AI and virtual agents Every customer, at one point or the other, has to deal with customer service. According to Consumer Reports National Research Centre, while almost 88 percent of the customers they surveyed have resorted to customer service in some or the other way, the majority of them were dissatisfied with their experience. A whopping 75 percent found customer service rude, around a 74 percent were disconnected and were unable to reach a representative again, and about a 64 percent felt their queries were ignored.
Added to all these challenges mentioned above, customers are getting more proactive and resourceful when seeking information about the products and services they intend to buy. It, therefore, necessitates for businesses to innovate and make customer experience simple, fast, and more enjoyable. But the questions are cost vs. satisfaction. Improving customer satisfaction means better-trained customer support staff but, at a low cost. It is this dilemma that AI ends. AI, especially in the long term, provides an opportunity to improve customer services at a reduced cost.

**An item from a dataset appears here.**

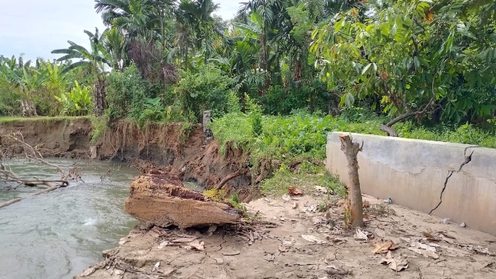 SEURAMOE BLANGPIDIE - Erosi krueng Susoh, Kecamatan Blangpidie Kabupaten Aceh Barat Daya (Abdya) kondisinya kian mengkhawatirkan, pasalnya tanah-tanah disepanjang aliran sungai sudah terkikis oleh air akibat cuaca hujan yang ekstrim akhir-akhir ini.

Working with virtual agents
AI in virtual agents combines ‘process ontology’ with ‘neural ontology’. Process ontology is the knowledge of what a customer is going to ask during the course of an interaction. Such information is preprogrammed into virtual agents, much like the IVRs. Neural ontology is unique to AI alone. It is effectively a ‘brain’ that allows virtual agents to bring in a human agent, leaving behind the limits of process ontology. However, there’s more to the conversational dynamics that makes virtual agents so unique. The virtual agents learn the question and answer before and after transferring the customer calls to human agents. Virtual agents thereby, learn these responses so that human intervention may not be required the next time when such a question is asked.
Benefits of using virtual agents Since the goal of replacing live humans with virtual agents is to deliver excellent customer service, virtual agents satisfy the need for web self-service and offer the following advantages over live representatives.
- Fast and efficient response with no putting customer on holds or call drops.
- Lower chances of a language barrier.
- Easy integration with the existing systems, ruling out the need for downloading new programs or finding a compatible device.
- Answering questions 24/7, and not just during business hours.
- With custom-designed avatars and backdrops, virtual agents offer a more fun and entertaining customer experience.
- Virtual agents prevent information overload, manage information, as well as generate it.
Virtual agents are an incredible ROI and support thousands of concurrent users, encourages customer loyalty, and serves as a branding tool for enterprises.